Produce exactly the lines from the one holding "Sort mulepose med" through the last line of the data below, with every picture left out.

● DATA SEGMENT
Content starts
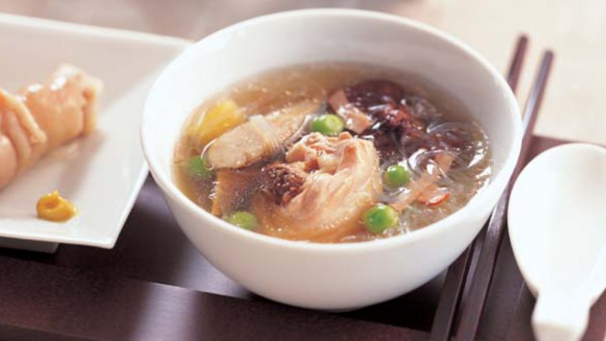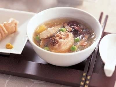 大きめの耐熱性容器に1を入れ、軸を取った干ししいたけ、適当に切った春雨、24を加える。塩小さじ1、紹興酒も加えて水カップ5を注ぐ。
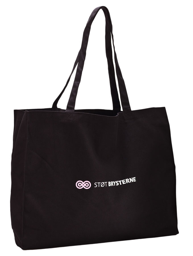 Sort mulepose med logo tryk. Posen er lavet i kanvas i 300 g/m2, hvilket er et kraftigere og grovere materiale end bomuld.
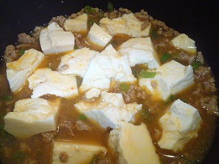 (私は、豆腐を木べらで適当な大きさに崩しました)
Content ends
● TASK RESULT
 Sort mulepose med logo tryk. Posen er lavet i kanvas i 300 g/m2, hvilket er et kraftigere og grovere materiale end bomuld.
 (私は、豆腐を木べらで適当な大きさに崩しました)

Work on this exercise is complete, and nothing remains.